Eric Sink has a post talking about the sad state of developer publishing, specifically discussing the declining readership of the venerable developer magazine Dr. Dobb’s Journal, as compared to that mainstay of American newsstands Backyard Poultry.

After reading the article and the replies, I just had to throw in my two cents about magazine publishing and why “1% of the US population are software developers, so there should be a huge market for development magazines.”

It’s a significant mistake to think that the reader is the target and that the magazine is the product.

It is actually the aggregate readership that is the product, and the advertisers who are the target. That is, unless the magazine takes no advertising and is entirely supported by its subscribers.
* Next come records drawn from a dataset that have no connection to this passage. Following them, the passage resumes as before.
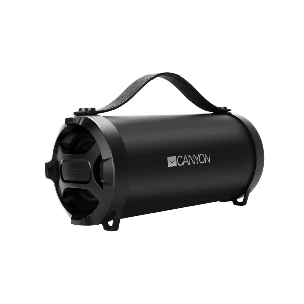 Canyon Bluetooth Speaker, BT V4.2, Jieli AC6905A, TF card support, 3.5mm AUX, micro-USB port, 1500mAh polymer battery, Black, cable length 0.6m, 242*118*118mm, 0.834kg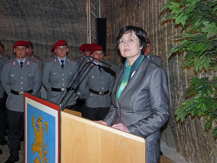 Ministerpräsidentin Christine Lieberknecht (CDU) bedankte sich zuerst für das große Bevölkerungsinteresse an diesem Gelöbnis. Der Dank ging aber auch an die beiden Geschäftsführer der Glückauf Sondershausen Entwicklungs- und Sicherungsgesellschaft mbH (GSES) Jaap van Engers und Ralph Hasse, die in einer großen logistischen Meisterleistung nicht nur die Rekruten und Offiziellen ins Bergwerk brachten, sondern auch die viele Angehörigen.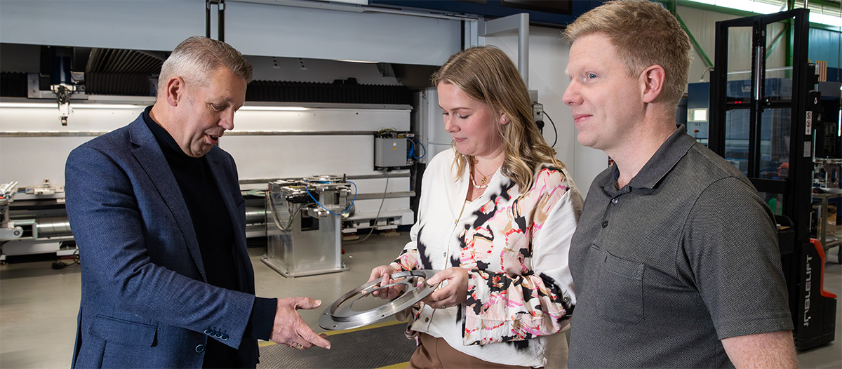 Innovatie in de vorm van robotisering is één van de oplossingen. Bij Thalens PPS zie je die ontwikkeling duidelijk terug in de productiehal. Een Thalens-medewerker werkt met een cobot op de lasafdeling en machines die laserlassen zijn verregaand geautomatiseerd. Lisette: “Zo’n cobot is een mooi voorbeeld van hoe je medewerkers kunt laten meegroeien met robotisering in plaats van een medewerker zo maar vervangen.” Personeel is immers een issue. Opleidingen zijn ver weg en er is weinig specifiek onderwijs in plaatbewerking- of precisietechnieken in Drenthe. En juist die fijntechnische mensen zijn relevant voor Thalens PPS. En dus gaat het ondernemerspaar naar scholen toe en laat het scholieren in de keuken van Thalens PPS kijken om zo voeding voor de toekomst te hebben.

This was driven home to me recently when I bought the recent “eInk Flashing Cover” issue of Esquire. I had never read Esquire before, so in addition to checking out the cool hardware on the cover, I started trying to read it. It was way more full of ads than Wired ever was — even in the days when Suck famously disassembled Wired 3.09 to remove the ads.
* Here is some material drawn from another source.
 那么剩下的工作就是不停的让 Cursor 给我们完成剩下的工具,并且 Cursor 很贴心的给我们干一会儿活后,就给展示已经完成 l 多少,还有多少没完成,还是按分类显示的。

Furthermore, its advertisers were all very high-end. Thus I wasn’t that surprised when I saw that the price on the subscription card for a year of Esquire was well under $1/issue.

So if Dr. Dobb’s Journal is circling the drain, it’s not the current readership that’s to be blamed, or the Internet. It’s the lack of advertisers interested in reaching that readership, or the magazine’s ability to reach a readership that is interesting to a better-paying tier of advertisers.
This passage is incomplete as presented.